**WORK TASK**
Using the listing below, print the line containing "Car LED Start", the line containing "Brushed knit alpaca- and", and each line between them, exactly and nothing else. Pictures stay out of the print.

**STORED DATA**

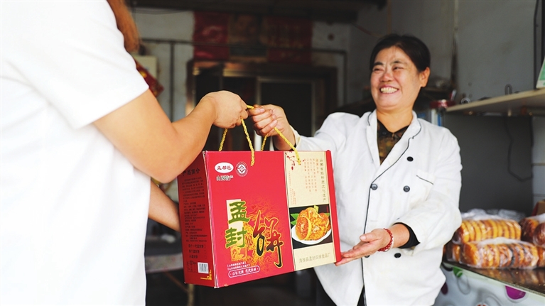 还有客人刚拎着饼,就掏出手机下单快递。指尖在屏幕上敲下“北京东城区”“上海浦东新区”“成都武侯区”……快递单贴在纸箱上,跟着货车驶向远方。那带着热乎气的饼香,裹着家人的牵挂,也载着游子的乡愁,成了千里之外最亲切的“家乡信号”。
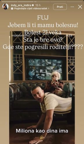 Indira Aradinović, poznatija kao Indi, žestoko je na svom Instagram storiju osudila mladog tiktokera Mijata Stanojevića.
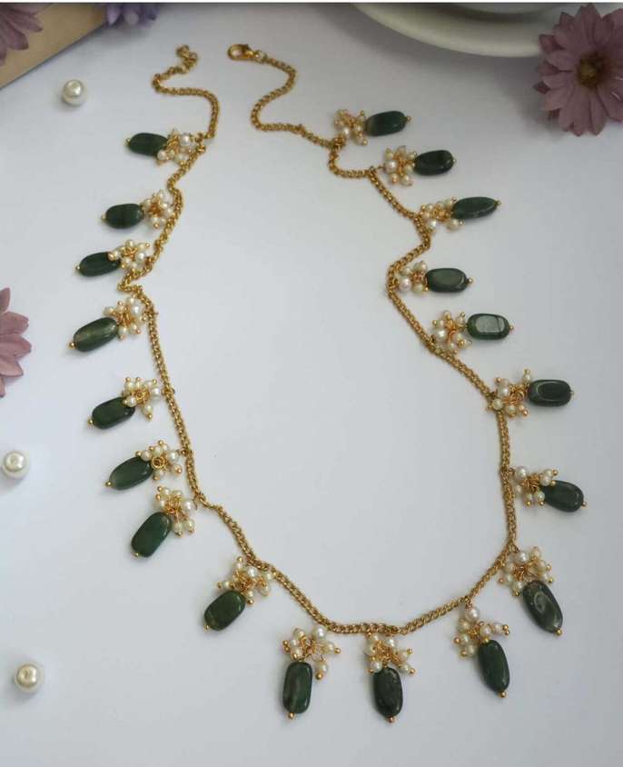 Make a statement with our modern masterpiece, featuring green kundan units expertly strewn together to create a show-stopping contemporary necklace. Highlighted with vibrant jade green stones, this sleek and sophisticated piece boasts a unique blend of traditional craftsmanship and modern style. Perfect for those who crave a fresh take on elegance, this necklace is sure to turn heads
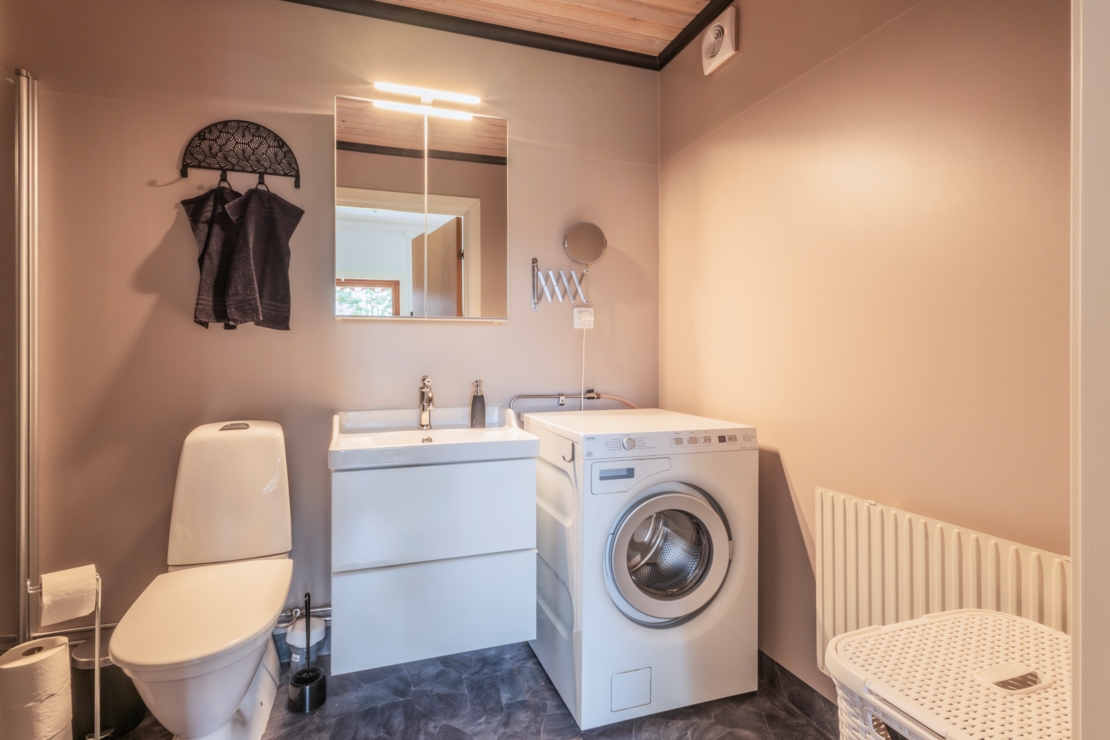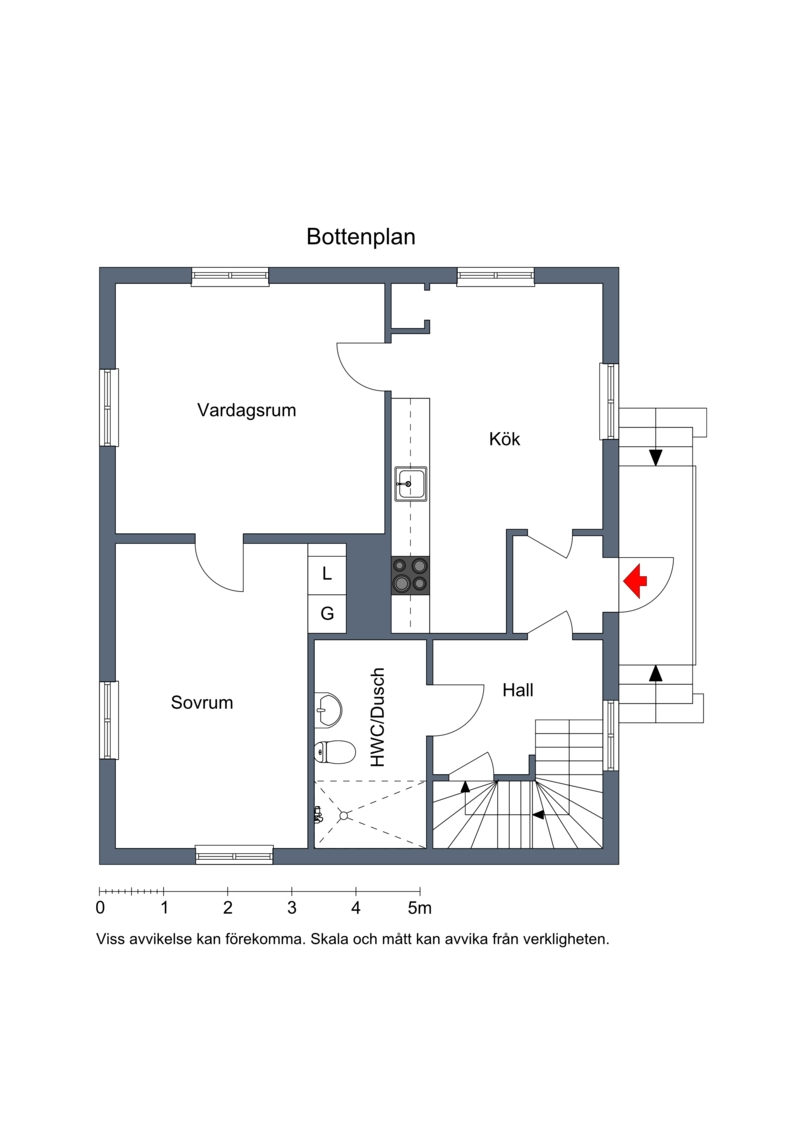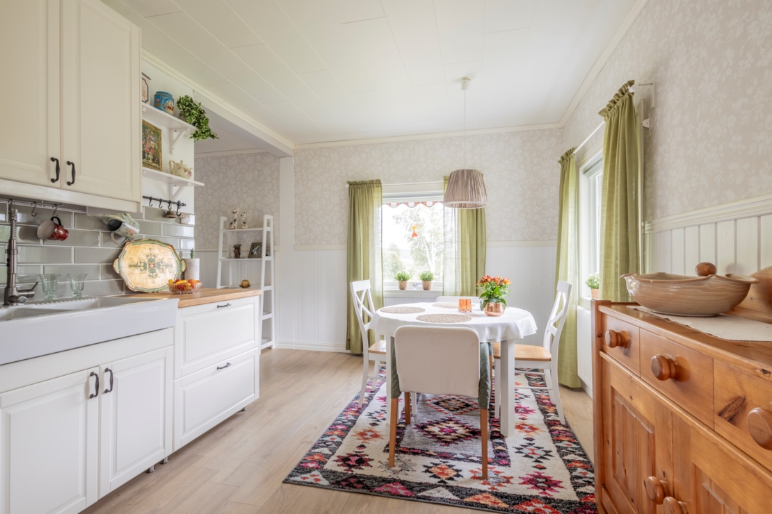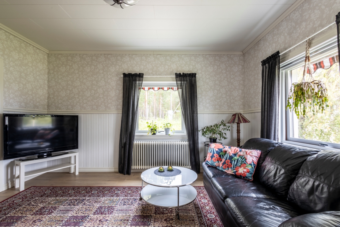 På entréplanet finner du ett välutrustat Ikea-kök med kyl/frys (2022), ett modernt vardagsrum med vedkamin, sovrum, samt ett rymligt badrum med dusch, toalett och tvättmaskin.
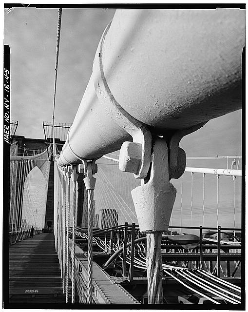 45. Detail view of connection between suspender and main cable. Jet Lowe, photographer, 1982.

--

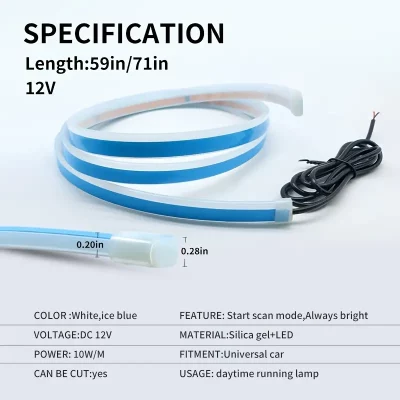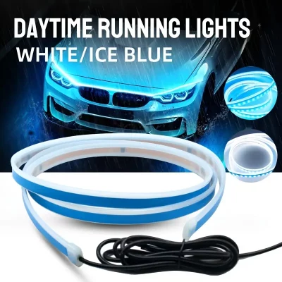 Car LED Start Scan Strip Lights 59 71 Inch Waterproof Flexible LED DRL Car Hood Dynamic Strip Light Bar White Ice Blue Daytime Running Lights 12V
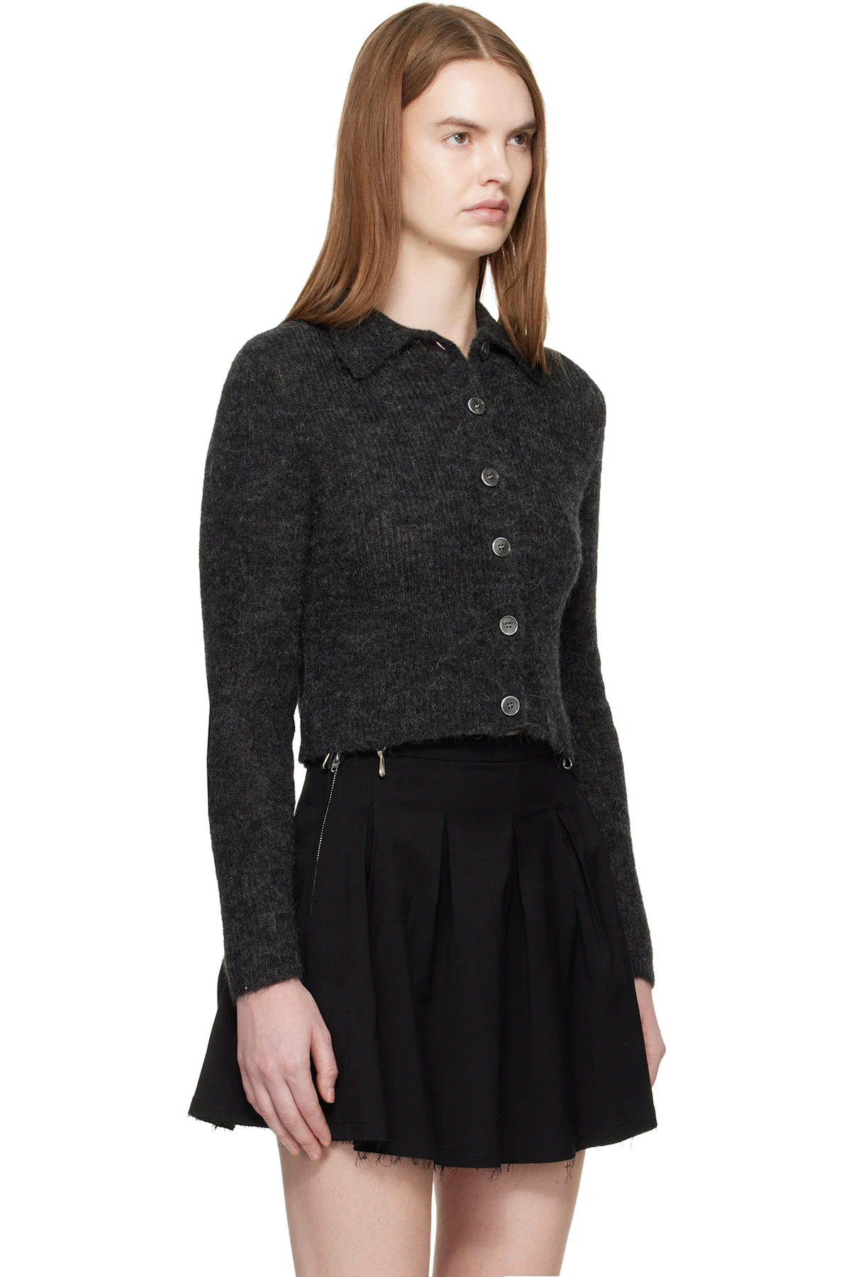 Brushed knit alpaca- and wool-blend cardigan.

**SOLUTION**
 Car LED Start Scan Strip Lights 59 71 Inch Waterproof Flexible LED DRL Car Hood Dynamic Strip Light Bar White Ice Blue Daytime Running Lights 12V
 Brushed knit alpaca- and wool-blend cardigan.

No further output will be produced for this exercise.